This is a cool way to quickly emulate architectures other than the one you’re running on without having to roll out a full VM!
I’ve done a basic and awful job of automating it so you can see how the pieces work together. You’ll probably need to tweak a bunch of stuff to use these tools more generally, but now you have a clear starting point from which to tinker.
How to do the thing
I’ve made three scripts: one to prepare your environment, one to build the Dockerfile and container image, and one to run the container (I’ve only included two run commands but obviously you could store whatever you wanted in there).
I’ve presented them this way so it’s easy to follow. I don’t think the run script is required.
Here is a usage example with the WNAP320 firmware:
git clone https://github.com/unmeg/docker-emu.git
cd docker-emu/
wget http://www.downloads.netgear.com/files/GDC/WNAP320/WNAP320_V3.7.11.4.zip
mv WNAP320* firmware.zip
chmod +x prep_docker.sh run_docker.sh build_docker.sh test_docker.sh
./prep_docker.sh
./build_docker.sh
./run_docker.sh
These commands will eventually drop you into a shell with access to the extracted firmware rootfs.
I used this the other day to test a bindshell I’d compiled for a router I’m working on. It was super quick and easy because I just put the compiled binary in the /addons folder and built the container. Seconds later I was running the shell and testing its functionality.
TODO
I haven’t gotten gdbserver and remote debugging to work with this setup yet, which would sort of boost the whole thing from Very Cool to Totally Awesome.

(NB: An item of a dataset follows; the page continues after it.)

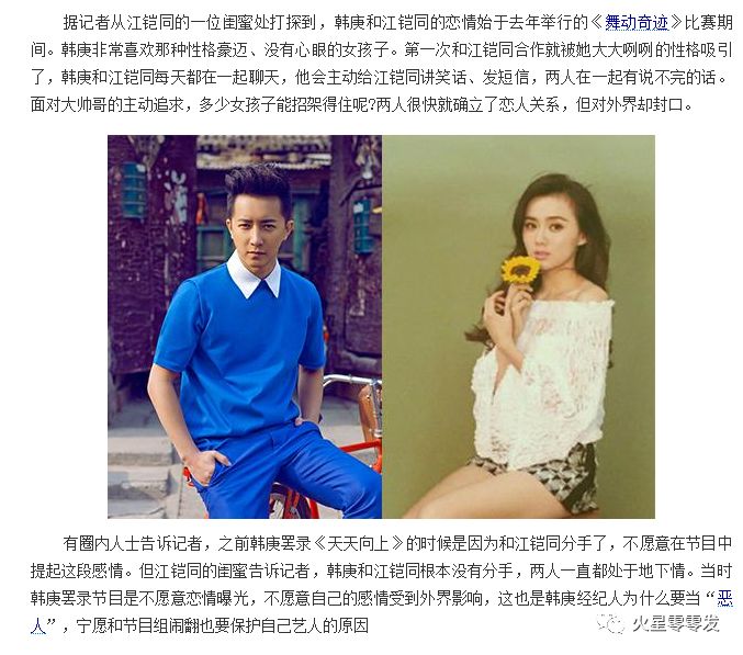 顺便插个话,当年韩庚跟李小璐也在一起过,最近韩庚的前任都很火~

As of writing, I successfully get the binary (by putting it in addons) and can run it, but I get packet errors when I connect with GDB from my host. I’m not sure where the problem is and I haven’t really spent any time on it.
My plan was to figure it out before posting this up, but I’m getting more and more distracted from that task every day, so it may be a while.

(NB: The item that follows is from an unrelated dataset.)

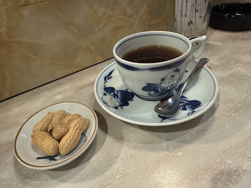 Read more佐世保にある老舗「山本コーヒー」に初めて訪れました。50年続くというその歴史に驚きつつ、アイスコーヒーを注文。香ばしい殻つきピーナッツが添えられていて、コーヒーの苦味をほどよく和らげてくれる絶妙な組み合わせに感動。マスターいわく、昔はコーヒーが胃に重いと感じる人が多く、ピーナッツを出したのが始まりとか。今も変わらずサービスで続けている姿勢が素敵です。レトロな雰囲気の店内には、ピーナッツの殻が床に落ちていて驚きましたが、掃除の際にはワックス効果があるそう。喫煙可能なカウンター席もあり、昔ながらの喫茶店らしさが残っています。佐世保バーガーやザクザク食感のミルクセーキなど、地元グルメも充実。奥のテーブル席には懐かしいゲームテーブルもあり、世代を問わず楽しめる一軒です。...
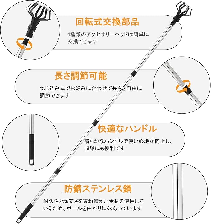 【規格統一の互換性設計】ロッド先端は標準の3/4インチネジ仕様を採用しています。当社の電球交換チェンジャーはもちろん、天井作業ツールや果実収穫機など、様々な互換アクセサリーとの連携が可能です。多目的な使用シーンに対応します。

If you get it working, let me know how and I’ll update the scripts/post with credit to you!
Credit where it’s due
Speaking of credit..
I stole this idea wholesale from a great AirGap2020 talk on emulating firmware with Docker. You should watch the video and give thanks to Ilya.
NB
-
I’d never touched Docker before this side-quest so it’s possible I’ve done this in a sub-optimal way. Feel free to let me know if you see anything daft.
-
Similarly, I compiled these scripts like a week after I got this all working, and I was neither careful nor considerate when I threw in package downloads and repo clones. It’s possible I’ve grabbed too much stuff for your setup! I was just trying to account for all possible comers. Carve out whatever you don’t want.
-
These scripts are for MIPS so firmware for other architectures won’t work. At some point I will do some other versions too, but the idea was just to demonstrate how this works.